Ayahku bekerja keras untuk mimpi anaknya sedangkan diriku hanya sedikit berusaha untuk meraih mimpiku. Aku merasa usahaku masih kurang untuk meraih mimpi. Akhrinya aku memutuskan untuk kembali belajar. Ayah saja rela sampai malam untuk mencari uang sedangkan diriku hanya tidur dan tak belajar sama sekali. Aku merasa malu karena usahaku selama ini masih kurang untuk meraih mimpiku.

"Ayah aja berusaha dengan sangat keras, aku juga harus lebih berusaha keras untuk meraih mimpiku,"gumamku dalam kamar. Akhirnya aku membaca beberapa soal dan berusaha menyelesaikannya.

Tak sengaja aku mengingat wanita cantik bernama Aurora seakan-akan aku tersenyum sendiri ketika bertemu pertama kali dengan wanita unik itu. Bukan karena kecantikannya tapi karena pemikirannya yang membuat diriku sadar bahwa orang kaya tak selamanya sombong.

Tanpa aku sadari Ayah tiba-tiba sudah duduk di ranjangku. "Loh jam segini kok masih belum tidur ta le,"ucap Ayah sambil melihat beberapa buku yang berada di ranjangku.

"Hehehe iki Yah lagi belajar,"ucapku sambil bergaya menyelesaikan beberapa soal padahal sebenarnya lagi melamun. Sampai-sampai Ayah masuk kamar aku tak tau.

"Pie sekolahmu?"tanya Ayah sambil meletakan buku kembali diatas kasur.

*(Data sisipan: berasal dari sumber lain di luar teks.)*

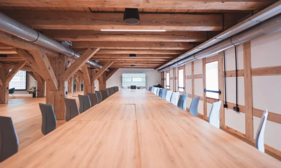 Wnętrza MONKA Młyny Rothera to prawdziwa podróż w czasie. Odrestaurowane z dbałością o każdy detal, zachowują industrialny charakter dawnego młyna, jednocześnie oferując nowoczesne rozwiązania technologiczne. Jasne, przestronne sale, ceglane ściany i ciepłe światło tworzą atmosferę sprzyjającą skupieniu, wymianie myśli i twórczej pracy.
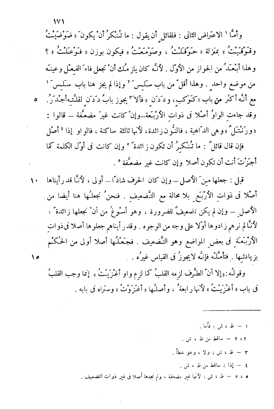 5، 5 ظ، ش: "لأنها غير مضعفة، ولم نجدها أصلا في غير ذوات التضعيف".
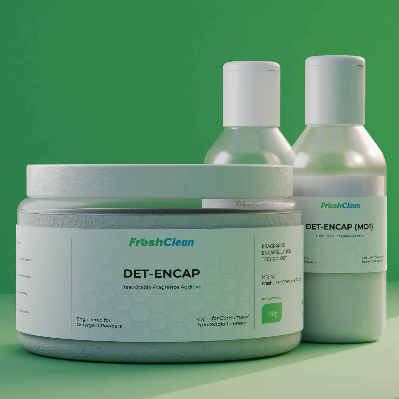DET-ENCAP is a powdered encapsulated fragrance for detergent formulations, designed for easy blending and processing, delivering consistent, longlasting fragrance release during and after washing.
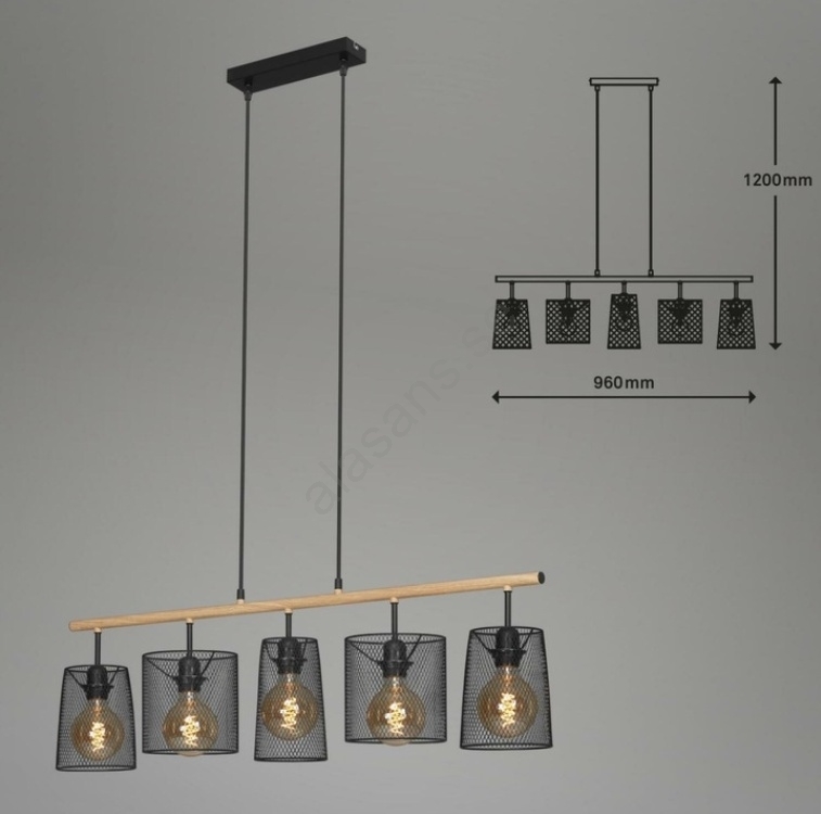 Brilo 4078-054 - Hänglampa med kabel WOOD & STYLE 5xE27/60W/230V | Alasans
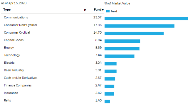En outre, le fait qu’un si grand nom ait récemment déclaré faillite n’est pas de bon augure pour le secteur des communications dans son ensemble. Bien que cela ne signifie pas nécessairement que cette tendance va se propager, si elle le fait, l’impact sur HYG sera disproportionné. En effet, le secteur des communications est le secteur le plus important du fonds en termes de pondération, comme le montre le graphique ci-dessous :
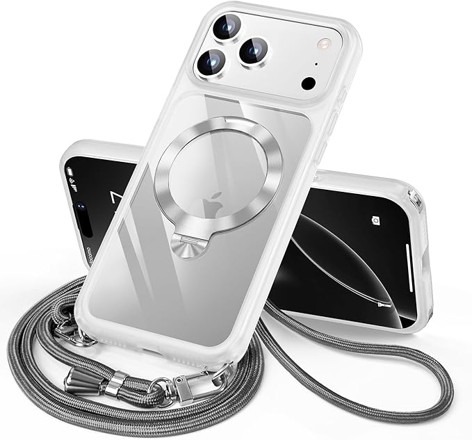 iPhone 17 Pro Max 用 ケース メッキデザイン & 特別なCD調スタンド」隠しストラップホール付き 多機能360度回転スタンド MagSafe ワイヤレス充電対応 耐衝撃 カメラレンズ保護 6.9インチ いphonePro Max 用 ケース 薄型 おしゃれ スマホケース(クリア, iPhone 17 Pro Max)
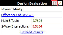 To see more details concerning the evaluation (including the powers calculated for individual effects of interest), click the Detailed Results link at the bottom of the area to view the Evaluation Results window.
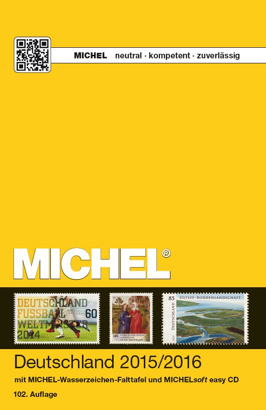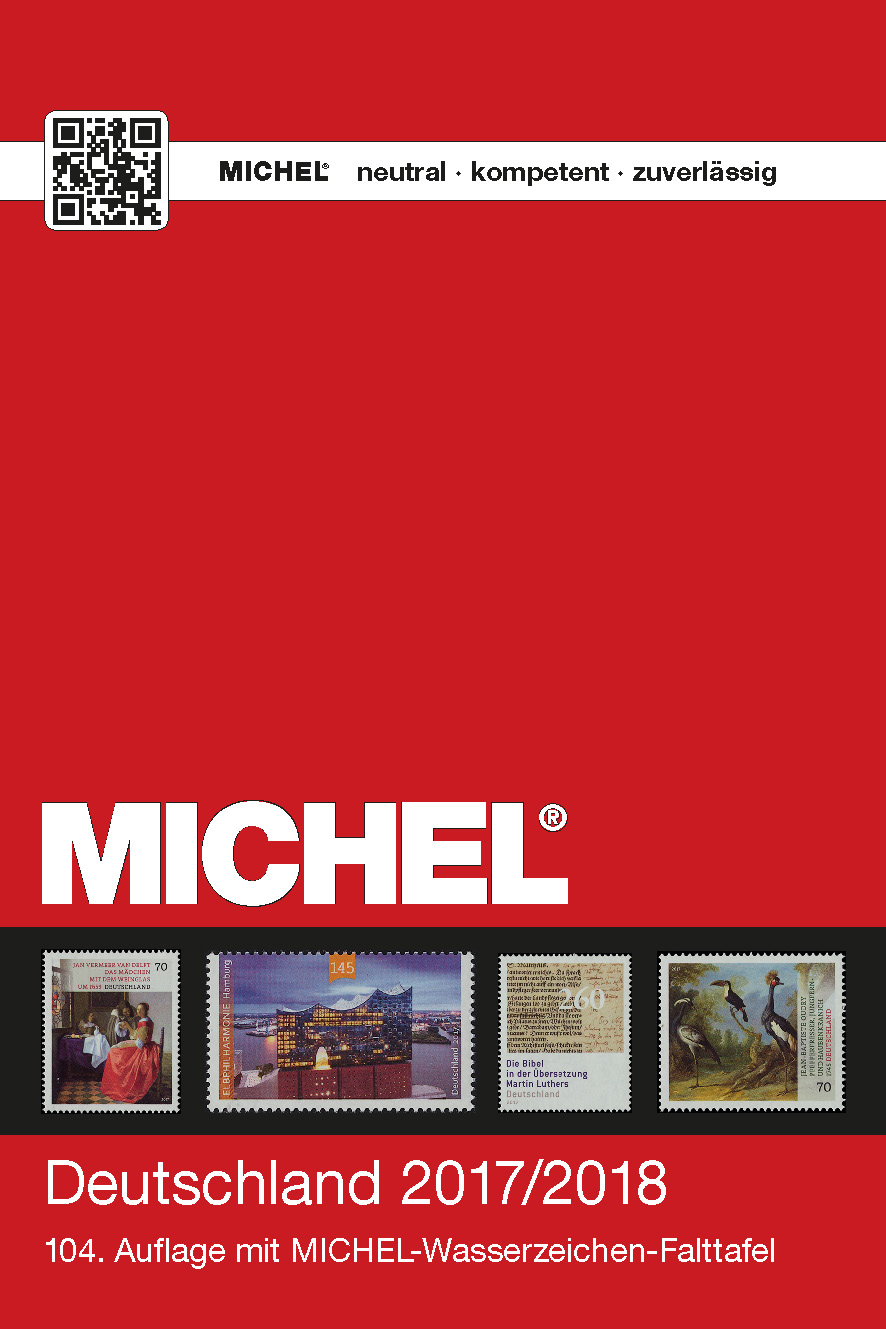 Ab dem 5.7.2016 ist der neue Michel Deutschland 2016/2017 in der 103. Auflage in Farbe mit 1120 Seiten im Format: 155 x 230 mm als Hardcover im Handel erhältlich. Der Katalog kostet in der Papierversion 54,80 € und in der MICHEL-Online-Bibliothek 27,40 €.

"Allhamdulilah Yah Angkasa bisa mendapatkan peringkat satu terus. Tapi bukan berati Angkasa anak yang hebat namun Angkasa merasa sekolah itu tak menghasilkan uang tapi malah menghabiskan uang,"ucapku yang merasa kalo sekolah itu menghabiskan uang tak mnghasilkan apa apa.

"Looo la kenapa Le?" tanya Ayah penasaran dengan jawabanku. "Kan dengan sekolah kamu mendapatkan pengetahuan, selain itu juga kamu jadi banyak ilmu dari beberpa hal yang kamu pelajari,"lanjut Ayah.

"Iya memang Angkasa menjadi banyak tahu, tapi Angkasa tidak bisa menghasilkan uang dari pengetahuan itu. Aku yang mendapatkan beasiswa seharusnya tidak membayar apapun untuk belajar tapi tetap aja udah dapet beasiswa tapi harus bayar sekolah dengan embel-embel iuran uang sekolah."

"Bukanya gak berguna sekolah itu le. Sini bapak kasih tau, kamu belajar matematika kan?"tanya bapak.

Aku mengaggukan kepala.

"Matematika itu penting Le sekarang coba kamu hitung Kamu punya uang sepuluh ribu terus kamu belikan bakso seharga tujuh ribu kembalinya pasti tiga ribu. Kalo kamu gak belajar atau gak paham tentang matematika kamu pasti dibohongi orang dan kamu gak bakalan mendapatkan kembalian tiga ribu mu itu Le."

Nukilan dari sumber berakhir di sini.